Только он молился недолго, какая-то мысль заставила его быстро вскочить. Он поглядел на все стороны, заметил Константина, который продолжал смотреть в окошко, и покраснел. Я понял, в чем дело, и отошел немного в сторону.
Затем он подошел к Всеволожскому и облокотился на его плечо. Из первых его слов я мог только понять, что он называл себя «виноватым».
— Ты шутишь, верно, — отвечал Константин, дружески держа его за руку, и, когда тот удивился его странному ответу, — ты сам знаешь, — продолжал он, — и я готов всем признаться, что я виноват в тысячу раз более и просто даже, что я один виноват...
— Зачем считаться, — сказал улыбаясь Т., — пусть виновата будет судьба.
— Судьба — правда твоя.
Оба они говорили пророческую правду.
Они поцеловались и говорили еще несколько времени. Я ушел очень довольный и, встретивши Всеволожского на лестнице, с жаром показал ему все благородство поступка князя. Я был уверен, что вражда их обратится в дружбу. Мне казалось, что кроткая и глубокосочувствующая всему высокому душа Александра вместе с его веселостью, резкостью и любознательностью совершенно сойдется с раздражительной и возвышенной душой Всеволожского.
Ничуть не бывало. После праздников я опоздал тремя днями и уже застал обоих их в прежней холодности, в прежней вражде и косоглазии. Весь класс прямо обвинял Константина. Князь сначала вел себя с ним, как ангел, беспрестанно адресовался к нему в разговоре, предлагал ему все свои тетради, чтоб вместе готовиться к экзамену. Всеволожский сохранял свой насмешливо холодный вид и не сходился с ним. Естественно, что Т. рассердился еще хуже.
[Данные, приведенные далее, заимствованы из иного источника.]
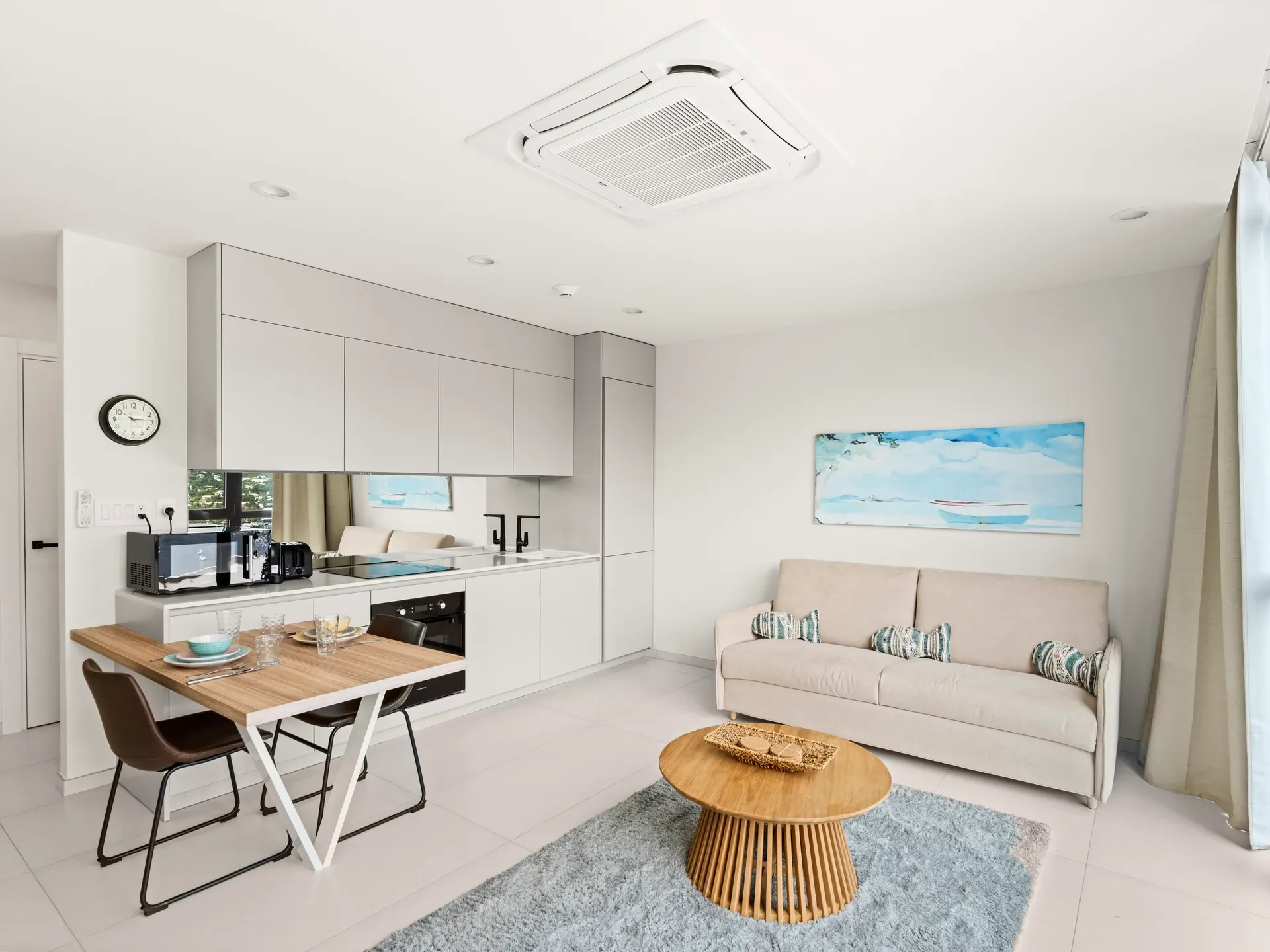 - Cuisine entièrement équipée avec réfrigérateur, four, lave-vaisselle, grille-pain et machine Nespresso — tout ce dont vous avez besoin pour préparer et savourer vos repas.

Я сильно побранился с Константином. «Чего тебе хочется? — говорил я. — Ты хуже сумасшедшего, ты истинный капризный чудак и педант. Что тебе еще сделал Т., так платишь ты ему за то, что он благороден с тобой».
— Ты мне надоел, — отвечал он, — я ненавижу эту девчонку, вот и вся причина. Не ругаться же было мне с ним в церкви. Впрочем, я б хотел избавиться от этой глупой вражды, только поверь мне, что я не в силах.
...энергической воли в своем магнетическом взгляде.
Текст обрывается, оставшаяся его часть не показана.